Fig 2

A-C Mice were intravenously injected with 500 μg M. luteus PGN 24 hours, 6 hours or 1 hour before infection with 1x10⁶ S. aureus, or at the same time as S. aureus, or with S. aureus alone A Diagram of experimental protocol B liver CFUs, enumerated at 72 hpi (n = 7 per group, median value shown, Kruskal-Wallis test with Dunn’s post-test), *p<0.05 C Summary heat-map for augmenting ability of PGN added before S. aureus infection, showing significant changes in liver CFUs and weight change D-F Mice were intravenously injected with 500 μg M. luteus PGN 48 hours, 24 hours or 6 hours after infection with 1x10⁶ S. aureus, or at the same time as S. aureus, or with S. aureus alone D Diagram of experimental protocol E liver CFUs, enumerated at 72 hpi (n = 5 per group, median value shown, Kruskal-Wallis test with Dunn’s post-test) *p<0.05 F Summary heat-map for augmenting ability of PGN added after S. aureus infection, showing significant changes in liver CFUs and weight change G-K Zebrafish larvae injected with 400 CFU S. aureus, 5 ng of M. luteus PGN, or both.

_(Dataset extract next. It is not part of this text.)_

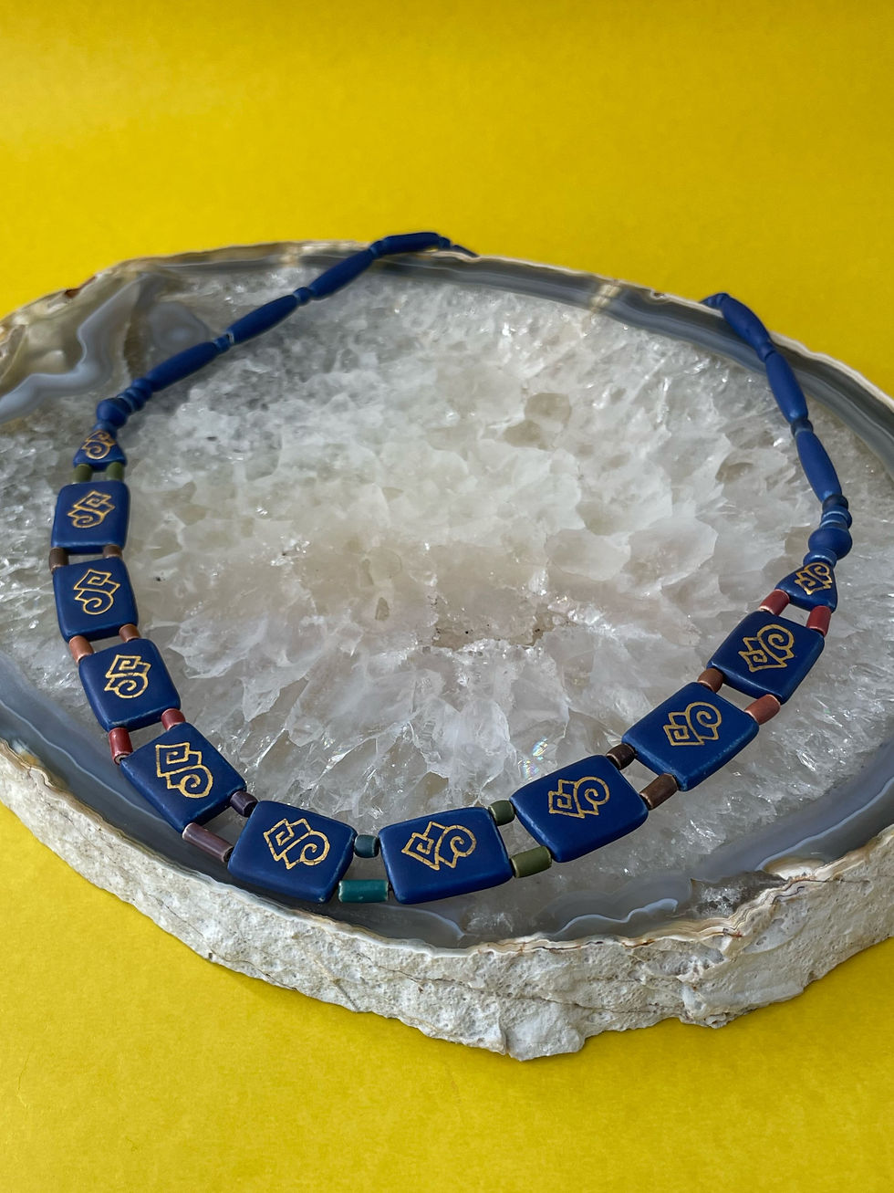 Colar cerâmica vitrificada opaca azul pintado em ouro 3.

The larvae have fluorescent macrophages (red) and were injected with fluorescent S. aureus (green) and/or fluorescently labelled M. luteus PGN (blue) G-I Images of infected larvae at 2 hpi showing macrophages containing S. aureus, scale 6.9 μm, greyscale insets depict location of fluorescence signal within the hatched box of the main image, for ease of visualisation (G), M. luteus peptidoglycan scale 6.9 μm (H), or both scale 10 μm (I), J Area of macrophage taken up by S. aureus at 2 hpi (n = 3, 14–21 larvae per group, unpaired t-test) K Area of macrophage taken up by M. luteus PGN at 2hpi (n = 3, 11–21 larvae per group, two-tailed unpaired t-test, ***p<0.0004).